I am currently writing this post seated at my local coffee shop in my hometown on January 21st, 2018. If I had continued on the path that I originally started on, I wouldn’t be here sipping a cappuccino and tapping these keyboard keys like there was no tomorrow.

 A few months ago, I was enrolled as a freshman at Indiana Wesleyan University in Marion, Indiana, studying Graphic Design. During my time there, I made friends that I know I’ll have for a lifetime (and currently, friends who I miss VERY dearly), excelled in my classes, and, for the first few weeks, felt like I had everything figured out.

 After the euphoria of new introductions and icebreaker questions had lifted, that’s when the insecurities set in; that’s when every doubt and fear and the question of “what am I doing here?” began creeping into my mind and started making themselves at home in my thoughts. I felt like I was not only drowning in papers and projects and due dates like every other student on campus, but I was beginning to feel like a stranger in my own skin. I couldn’t recognize the person I had become because I couldn’t tell the differences between the truth I knew about God, and the lies that ate away at my mind day and night. These thoughts had left me feeling purposeless, hopeless, and completely useless; not to mention the gloom and sadness I could not pull myself away from feeling nonstop. I was not familiar with this feeling of deep despair; and quite honestly, I had no clue where to go from there. I was at the end of my rope.

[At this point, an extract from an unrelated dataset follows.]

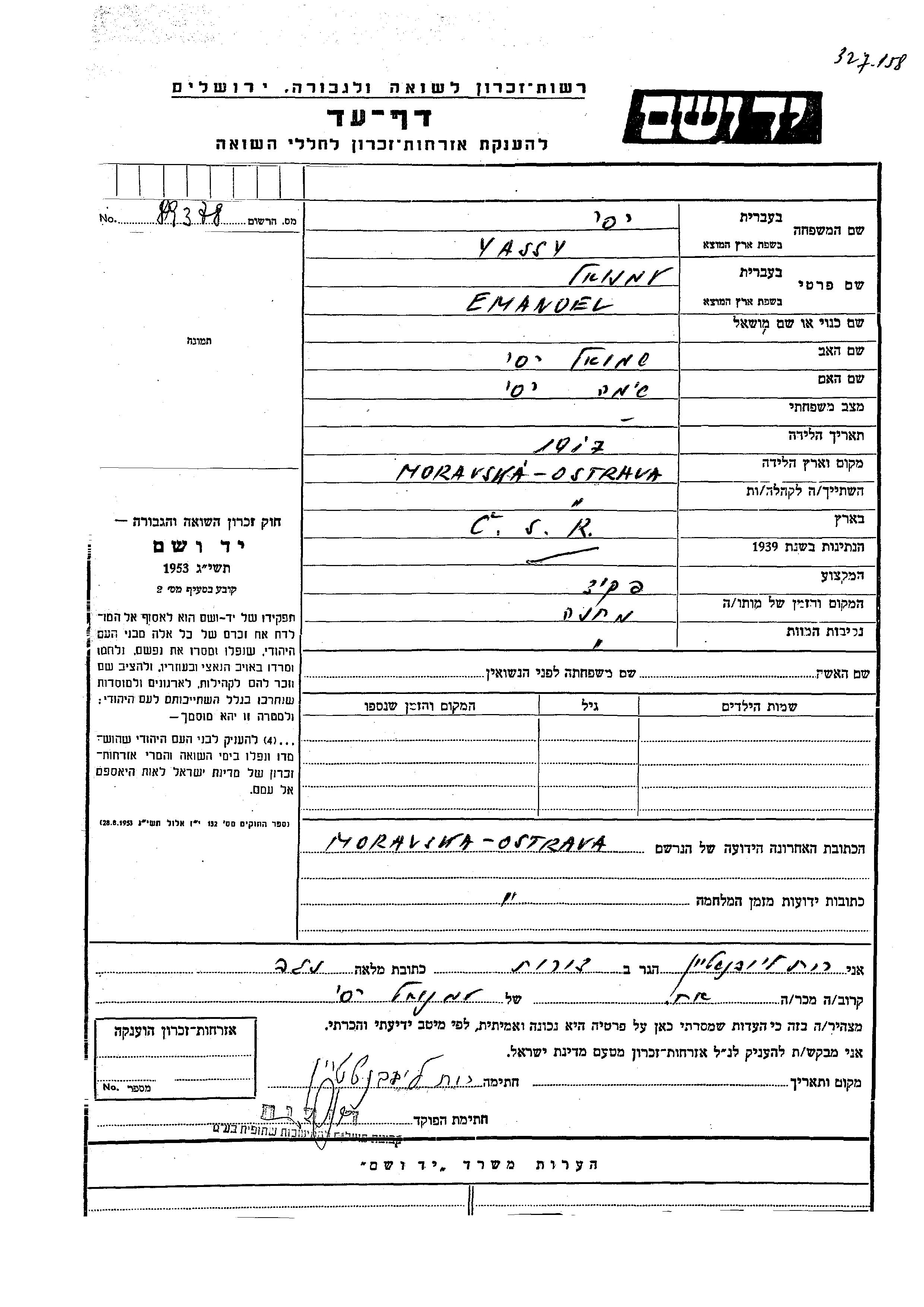 עמנואל Yassy נולד בMoravska Ostrava שבצ'כוסלובקיה בשנת 1917 לשמואל ושימה. הוא היה פקיד. לפני מלחמת העולם השניה התגורר בMoravska Ostrava שבצ'כוסלובקיה. בזמן המלחמה הוא היה בMoravska Ostrava שבצ'כוסלובקיה.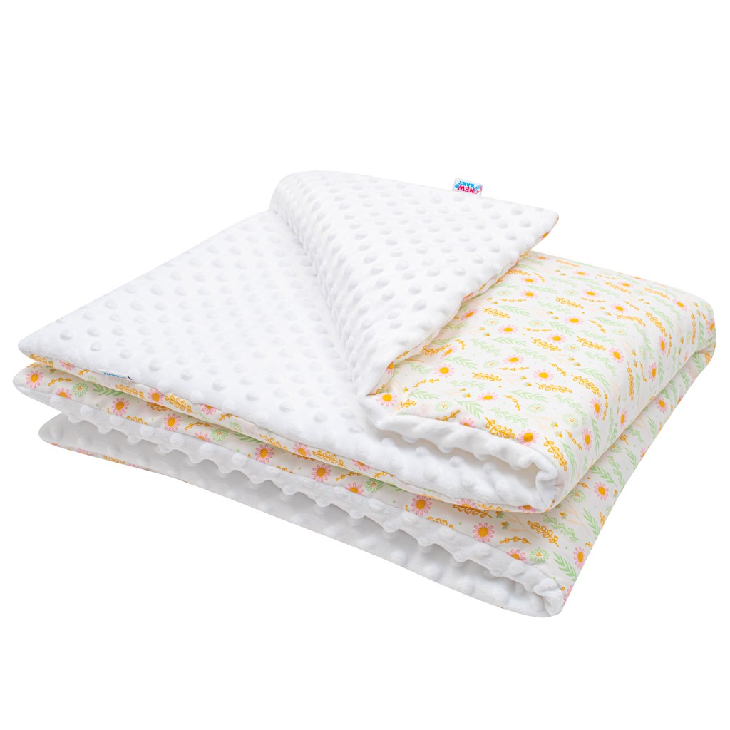 Kocyk dziecięcy New Baby Minky wykonany jest z dwóch rodzajów tkaniny, przyjemnej w dotyku Minky i 100% bawełny. Wykonany jest z wysokiej jakości materiału, który nie farbuje i nie powoduje reakcji alergicznych. Koc może być używany zarówno w domu, jak i na zewnątrz, w wózku, łóżeczku lub foteliku samochodowym. Koc jest bardzo przyjemny i miękki w dotyku.

 Thankfully, the story doesn’t stop there. (Aren’t those things the perfect platform for a major breakthrough to take place?)

 It was a late night in October when I was given my breath back. With tears continuously streaming down my cheeks, I was desperate for God to show me what to do, and where to move if it was necessary. I knew I couldn’t stay in this state of despair with any hopes of accomplishing what the Lord has had planned for me before the world was even created.

 I’ve come to learn that from our deepest moments of desperation is when God shows up to show us his deepest compassion and to reaffirm the promises he has been keeping from the very beginning.

 In that moment, I was directly lead to Isaiah chapter 42, and the words written on that page took ahold of my spirit in a way I had never experienced before.

 “I, the LORD, have called you to demonstrate my righteousness.

I will take you by the hand and guide you, and I will give you to my people, Israel, as a symbol of my covenant with them.

And you will be a light to the nations.

You will open the eyes of the blind.

You will free the captives from prison,

Releasing those that sit in dark dungeons.” (Isaiah 42:6-7)

 I was taken by the hand. I was guided. I suddenly felt like a captive that was released from the dark dungeon that is talked about in this passage of scripture.

 From then on, my journey has taken twists and turns that I couldn’t even begin to foresee. Some doors were flung wide open; Some doors were suddenly slammed shut. Here I am, sitting in Newark Ohio, preparing to embark on an adventure I couldn’t even think would become my reality, even in my wildest dreams.

 

That’s where this exchange comes in.

 My life, my desires, my feelings, my agenda; all exchanged just for the chance to get to experience all that He has planned for me with my time on earth.

 Exchanging the comfort and security that I am so familiar with for the opportunity to share the unfailing and constant hope of the gospel that I have experienced firsthand.

 Exchanging what control over my life I think I have for the chance to fully experience the peace of Christ, and share what that is with others.

 I have chosen to exchange all that I have, for all that I do not yet know.